A moment later he dragged his low ponderous bedstead away from the corner, where we saw that in the floor was a cunningly-concealed trap-door, which, on being lifted, disclosed a deep, dark, well-like hole beneath.

“Be careful,” he cautioned us, “the steps are rather difficult in places,” and holding the lantern he soon disappeared, leaving us to follow him down a roughly-hewn spiral flight of foot-holes in the stone, deeper and deeper into the solid rock, damp and slimy in places where the water percolated through and fell in loudly-sounding drops.

“Bend low!” ordered our guide, and we saw the faint glimmer of this lamp lighting our path along a narrow, tortuous burrow which ran away at right angles and sloped down still further into the heart of the cliff. In places we went through a veritable quagmire of mud and slime, while the close atmosphere smelt foul and earthy.

Suddenly we emerged into a great opening, the dimensions of which we could not ascertain with that one single glimmering light.

“These caverns run for miles,” explained the monk. “The galleries run in all directions right under the city of Lucca and over towards the Arno. They have never been explored. Listen!”

In the weird darkness we heard the distant roaring of tumbling waters far away.

“That is the subterranean river, the stream that divides the secret from all men save yourself,” he said. Then he went forward again, keeping along one side of the gigantic cavern through which we were passing, and we followed, approaching nearer those thundering waters, until at last he told us to halt, and appeared to be examining the rough walls upon which shone great glittering stalactites.

Presently he found a large white mark similar to the letter E on the rock upon the cliff-side, and placed his lantern on the floor.

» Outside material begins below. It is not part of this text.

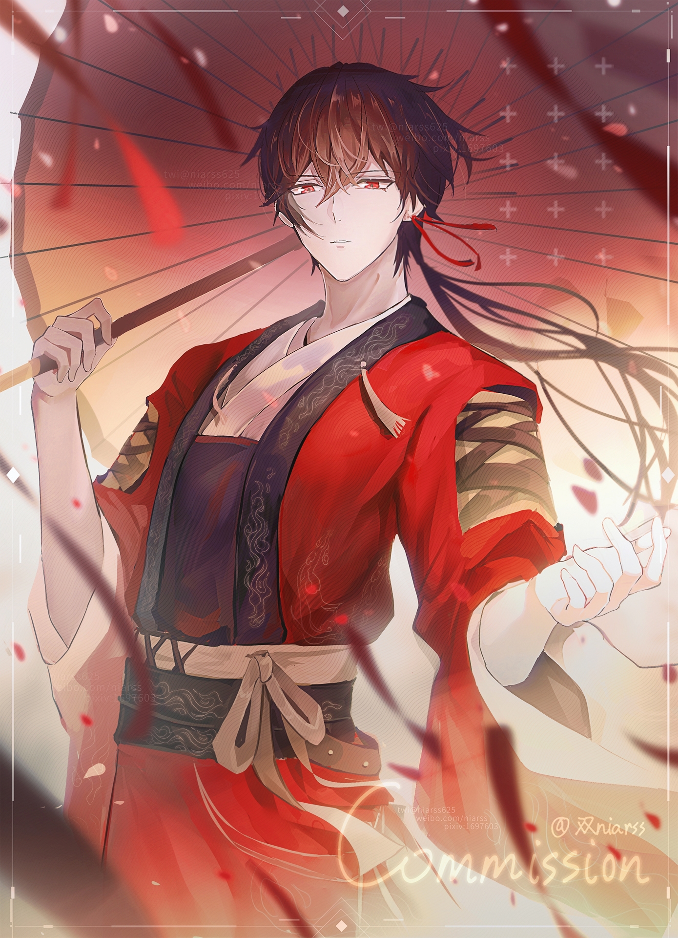 1boy ayn_alwyn black_hair black_sash blurry chinese_clothes chinese_commentary closed_mouth commission cowboy_shot cross-laced_clothes cross-laced_sleeves depth_of_field duijin_ruqun earrings expressionless falling_petals hair_between_eyes hand_up hanfu highres holding holding_umbrella jewelry long_hair looking_at_viewer lovebrush_chronicles low_ponytail male_focus neck_tassel niarss oil-paper_umbrella petals ponytail red_eyes red_hanfu red_ribbon red_umbrella ribbon ribbon_earrings sash single_earring solo standing streamers tassel three-quarter_sleeves umbrella waist_sash white_sash wide_sleeves

“Don’t move another step forward,” he said. Then he produced from a hole, where it appeared to be well hidden, a long, roughly-made footbridge, consisting of a single plank, with a light handrail on each side. This he pushed before him while I held the lantern, until he came to the edge of a deep chasm and then bridged it across so that we could pass over.

When in the centre, he held aloft the lantern, and as we peered down a hundred feet we shuddered to see, deep down in the chasm, the rushing flood of black water roaring away into the bowels of the earth, a terrible trap to those who ventured to explore that weird, dank place.